The Forest Service argued that the less destructive methods under the 2018 were good enough for bears and fish; after all, grizzly bear populations in the Flathead were growing, not contracting. As such, it started crafting new projects that included new roads or reopened old roads after years of closing more than 700 miles of roads over the years under Amendment 19.

But two environmental groups, the Swan View Coalition and Friends of the Wild Swan both disagreed with that assertion and brought suit against the Forest Service.

The case has been winding its way through the courts for the past few years now. The environmental groups initially prevailed, but the Fish and Wildlife Service in 2022 issued a new biological opinion that aligned largely with the 2018 plan which led to the Forest Service winning on an appeal to the Ninth Circuit. The court ruled the environmental groups case was now moot, since the Fish and Wildlife Service had changed its biological opinion.

But the groups then re-filed their claims in 2022, claiming even the 2022 changes the agency made were inadequate and violated the Endangered Species Act.

DeSoto agreed, in part, with the environmental groups and also agreed in part with the Forest Service.

“Plaintiffs are entitled to summary judgment on their ESA claims regarding bull trout and bull trout critical habitat insofar as Fish and Wildfire Service failed to consider the effects of allowing culverts to remain on impassable roads,” DeSoto found.

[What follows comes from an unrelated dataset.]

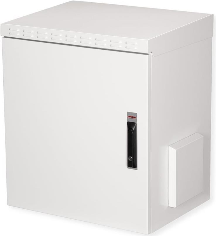 19 Zoll Wandgehäuse Pro 12 HE 600x450 BxT IP55 outdoor grau Die outdoor-Netzwerkschränke zur Wandmontage sind nach Schutzart IP55 entwickelt und speziell für den Einsatz in rauen Umgebungen, insbesondere im Außenbereich, ausgelegt. Die Wandgehäuse bieten ein 3-Punkt-Verriegelungssystem mit abschließbarem Schwenkgriff und isolierten PG-Kabelverschraubungen. Integrierte Lüftungsfiltergehäuse gewährleisten die Belüftung und bieten Schutz vor Wasser- und Staub gemäß IP54. Diese Schränke sind ideal für Außenbereiche, die Umwelteinflüssen wie Regen, Hagel, und Spritzwasser ausgesetzt sind. Das Dachchassis ist für die Installation eines Lüftermoduls mit einem gefilterten Bereich ausgestattet. Im Inneren befinden sich ein Paar galvanisierte 19"-Profilschienen, die in beide Richtungen ablesbar und in der Tiefe verstellbar sind. Jeder Schrank besteht aus einer robusten Stahlkonstruktion mit einer Materialstärke von bis zu 2,0 mm. Die Farbgebung erfolgt durch elektrostatische Pulverbeschichtung in der Standardfarbe Grau (RAL 7035). Die Wandmontage erfolgt mit den beigelegten Haltewinkeln. Optional können die Schränke mit einem Sockel als freistehende Lösung genutzt oder mithilfe eines Befestigungssets an Masten angebracht werden. • Traglast: 100 kg • Abschließbare Stahl-Fronttür mit Schwenkhebelgriff • 3-Punkt-Verriegelung an der Fronttür • Fronttür mit Erdung und zwei angeschweißten, stärkenden Balken • Kabelzuführung im Boden • Dach bietet mit einzubauenden Lüftermodulen Heißluftabfuhr aus dem Gehäuse, Austanzung für Lüftermodule • Integrierte Lüftungsfiltergehäuse • IP Schutzklasse: IP55.

She also found the Fish and Wildlife Service did not adequately address “ineffective” road closures in its analysis on the impacts of grizzly bears.

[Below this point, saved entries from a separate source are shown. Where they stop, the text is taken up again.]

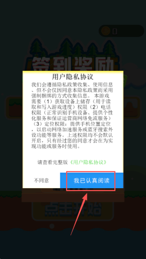1、首先,阅读并同意用户隐私协议,点击“我已认真阅读”按钮。
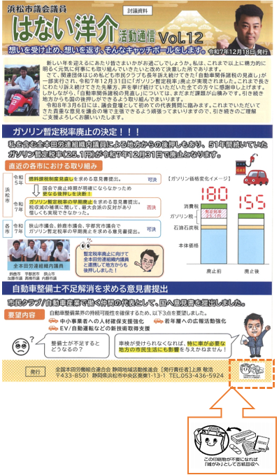 令和7年12月18日発行 はない洋介活動通信 Vol.12
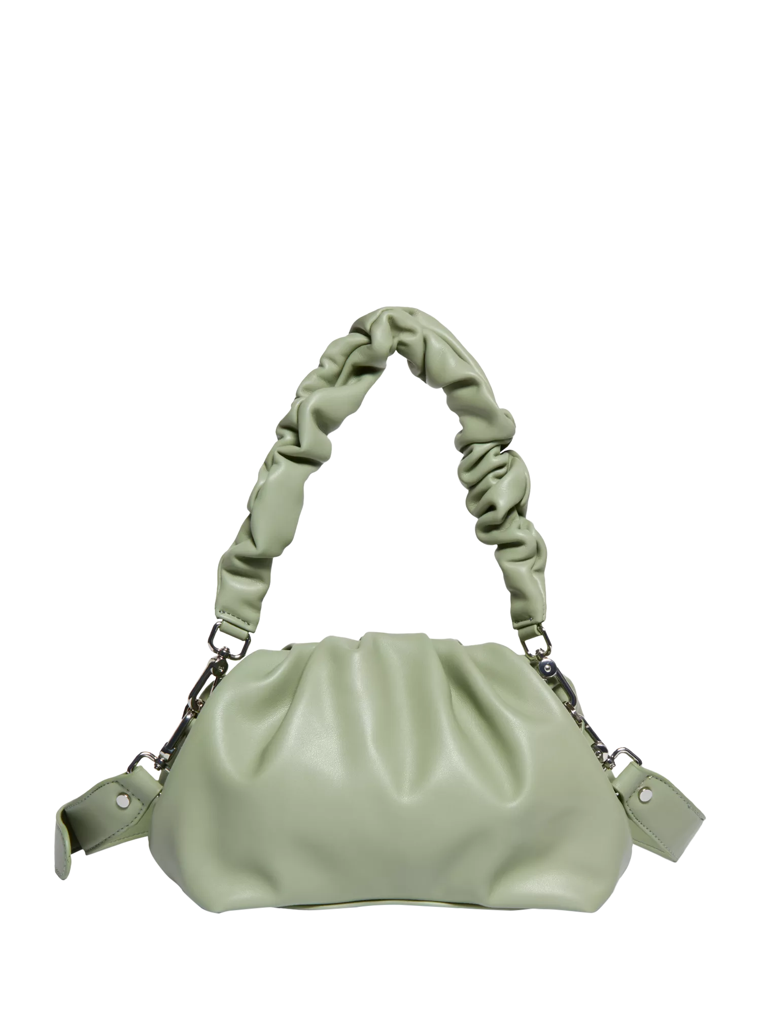 Clutch bag in imitation leather, with magnetic snap closure. Removable curled handle for shoulder carry and removable adjustable shoulder strap for crossbody carry.

“Plaintiffs are entitled to summary judgment on their ESA claims regarding grizzly bears insofar as FWS failed to consider the impact of ineffective road closures on the 2011 baseline and grizzly bear populations,” she wrote.

The environmental groups claimed that road closures, like gates, were ineffective because people drove around them.

She did, however, find in favor the Fish and Wildlife Service on its analysis of unused roads and the impacts of sedimentation of closed roads on bull trout streams.

“FWS properly addressed the impacts of unused roads and increased roadbuilding on grizzly bears,” she found. “Defendants are (also) entitled to summary judgment on plaintiffs’ ESA claims insofar as FWS properly addressed sedimentation impacts of unused roads, unauthorized motorized use, and increased roadbuilding on bull trout and bull trout critical habitat.”

That aside, DeSoto recommended that the Fish and Wildlife Service once again go back to the drawing board on its road management opinion for the Flathead.

“It is further recommended that the provisions of the revised biological opinion that violated the ESA remanded without vacatur to the agencies for further consideration consistent with this opinion,” she found.

“Without vacatur” means that the entire document doesn’t have to be re-examined, just the parts that speak to road management.

The Forest Service and the Fish and Wildlife Service both declined to comment on the suit, though the Forest Service said it does plan to raise objections to the findings. After objections are raised, District Court Judge Dana Christensen will examine the case. He can uphold DeSoto’s findings and recommendations, or come to his own conclusions. Once complete, he will issue a ruling and opinion.

DeSoto also allowed several projects on the Flathead National Forest that have already been planned to move forward, including the Mid Swan Project in the Swan Valley, the Dry Riverside project along the east side of the Hungry Horse Reservoir and the Rumbling Owl Project, which is also in the Swan.

“The government admits that illegal use of closed roads is a chronic problem, but has twice failed to account for those additional impacts to threatened grizzly bears,” Keith Hammer, Chair of Swan View Coalition said. “We are pleased that the court has again sent the agencies back to the drawing board.”